-- Source data follows --

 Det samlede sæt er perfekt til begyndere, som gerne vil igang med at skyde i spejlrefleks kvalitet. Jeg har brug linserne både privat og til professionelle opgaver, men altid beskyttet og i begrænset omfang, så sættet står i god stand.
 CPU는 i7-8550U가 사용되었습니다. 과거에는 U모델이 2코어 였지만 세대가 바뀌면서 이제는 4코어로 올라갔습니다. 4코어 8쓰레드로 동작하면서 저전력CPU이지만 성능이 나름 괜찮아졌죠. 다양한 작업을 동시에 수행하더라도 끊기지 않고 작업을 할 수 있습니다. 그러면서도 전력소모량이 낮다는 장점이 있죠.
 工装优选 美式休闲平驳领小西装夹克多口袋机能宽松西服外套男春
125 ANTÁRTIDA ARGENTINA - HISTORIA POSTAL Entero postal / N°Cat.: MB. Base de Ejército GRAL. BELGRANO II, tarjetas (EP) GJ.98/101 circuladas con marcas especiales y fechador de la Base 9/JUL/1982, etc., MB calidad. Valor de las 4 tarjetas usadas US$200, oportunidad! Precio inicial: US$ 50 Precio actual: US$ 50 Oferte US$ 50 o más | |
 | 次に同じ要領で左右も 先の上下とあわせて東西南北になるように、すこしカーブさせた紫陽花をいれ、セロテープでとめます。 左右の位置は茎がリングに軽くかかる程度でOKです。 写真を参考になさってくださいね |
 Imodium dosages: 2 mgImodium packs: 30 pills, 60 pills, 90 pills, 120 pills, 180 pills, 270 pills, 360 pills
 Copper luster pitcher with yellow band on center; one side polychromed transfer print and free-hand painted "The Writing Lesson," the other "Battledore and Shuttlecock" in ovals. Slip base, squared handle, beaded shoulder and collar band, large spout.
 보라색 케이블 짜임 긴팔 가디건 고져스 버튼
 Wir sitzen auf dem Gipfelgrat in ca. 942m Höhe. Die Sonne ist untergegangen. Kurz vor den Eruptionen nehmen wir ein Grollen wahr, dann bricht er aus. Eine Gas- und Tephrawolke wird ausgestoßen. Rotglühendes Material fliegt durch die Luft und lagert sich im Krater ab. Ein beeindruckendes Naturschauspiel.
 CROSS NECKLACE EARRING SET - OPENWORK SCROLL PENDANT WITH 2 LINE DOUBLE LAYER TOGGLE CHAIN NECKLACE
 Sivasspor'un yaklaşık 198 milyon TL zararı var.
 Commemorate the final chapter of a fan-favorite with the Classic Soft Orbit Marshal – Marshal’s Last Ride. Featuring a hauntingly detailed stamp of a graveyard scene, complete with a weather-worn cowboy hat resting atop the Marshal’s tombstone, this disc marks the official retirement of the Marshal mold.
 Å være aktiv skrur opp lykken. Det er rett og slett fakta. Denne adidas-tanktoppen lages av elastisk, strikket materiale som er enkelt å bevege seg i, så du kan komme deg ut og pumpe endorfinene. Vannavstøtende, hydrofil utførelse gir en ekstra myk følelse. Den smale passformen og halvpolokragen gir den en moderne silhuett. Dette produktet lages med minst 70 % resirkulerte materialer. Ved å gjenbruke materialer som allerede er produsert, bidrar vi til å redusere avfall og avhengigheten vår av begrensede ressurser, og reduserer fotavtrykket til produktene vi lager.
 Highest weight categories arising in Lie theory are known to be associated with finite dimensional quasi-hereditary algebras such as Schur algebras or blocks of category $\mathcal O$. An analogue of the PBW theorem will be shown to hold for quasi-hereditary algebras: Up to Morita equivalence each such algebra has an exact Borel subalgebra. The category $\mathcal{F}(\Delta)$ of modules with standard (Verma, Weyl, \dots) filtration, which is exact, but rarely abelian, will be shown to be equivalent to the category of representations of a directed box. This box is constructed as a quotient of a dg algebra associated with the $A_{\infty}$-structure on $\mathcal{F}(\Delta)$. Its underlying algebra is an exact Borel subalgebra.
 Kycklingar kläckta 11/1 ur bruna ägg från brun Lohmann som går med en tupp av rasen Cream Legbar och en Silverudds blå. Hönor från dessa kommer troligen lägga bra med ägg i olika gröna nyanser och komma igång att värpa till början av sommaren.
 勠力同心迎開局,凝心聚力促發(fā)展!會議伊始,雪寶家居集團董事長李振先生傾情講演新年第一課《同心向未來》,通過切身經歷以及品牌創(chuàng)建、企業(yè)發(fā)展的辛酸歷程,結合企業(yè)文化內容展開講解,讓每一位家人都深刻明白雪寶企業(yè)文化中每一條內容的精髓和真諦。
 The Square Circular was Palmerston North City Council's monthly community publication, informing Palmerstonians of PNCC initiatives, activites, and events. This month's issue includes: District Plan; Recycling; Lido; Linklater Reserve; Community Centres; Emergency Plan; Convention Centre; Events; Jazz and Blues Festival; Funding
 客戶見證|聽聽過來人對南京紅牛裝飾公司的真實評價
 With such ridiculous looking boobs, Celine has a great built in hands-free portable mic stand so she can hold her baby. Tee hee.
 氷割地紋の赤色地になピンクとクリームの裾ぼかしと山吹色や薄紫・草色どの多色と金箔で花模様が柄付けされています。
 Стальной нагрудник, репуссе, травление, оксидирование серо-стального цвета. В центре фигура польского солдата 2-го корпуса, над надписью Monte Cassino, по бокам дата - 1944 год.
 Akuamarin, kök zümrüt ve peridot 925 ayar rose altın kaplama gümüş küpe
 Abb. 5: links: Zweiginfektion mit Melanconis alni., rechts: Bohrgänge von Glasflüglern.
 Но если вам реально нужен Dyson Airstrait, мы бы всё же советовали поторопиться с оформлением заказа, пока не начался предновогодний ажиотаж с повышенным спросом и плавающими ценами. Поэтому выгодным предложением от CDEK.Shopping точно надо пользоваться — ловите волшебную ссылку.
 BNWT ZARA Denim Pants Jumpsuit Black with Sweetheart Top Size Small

-- Source data concluded --

Activity
From the records above, copy each line in which the string "hold" occurs.

Your solution
 Highest weight categories arising in Lie theory are known to be associated with finite dimensional quasi-hereditary algebras such as Schur algebras or blocks of category $\mathcal O$. An analogue of the PBW theorem will be shown to hold for quasi-hereditary algebras: Up to Morita equivalence each such algebra has an exact Borel subalgebra. The category $\mathcal{F}(\Delta)$ of modules with standard (Verma, Weyl, \dots) filtration, which is exact, but rarely abelian, will be shown to be equivalent to the category of representations of a directed box. This box is constructed as a quotient of a dg algebra associated with the $A_{\infty}$-structure on $\mathcal{F}(\Delta)$. Its underlying algebra is an exact Borel subalgebra.
 With such ridiculous looking boobs, Celine has a great built in hands-free portable mic stand so she can hold her baby. Tee hee.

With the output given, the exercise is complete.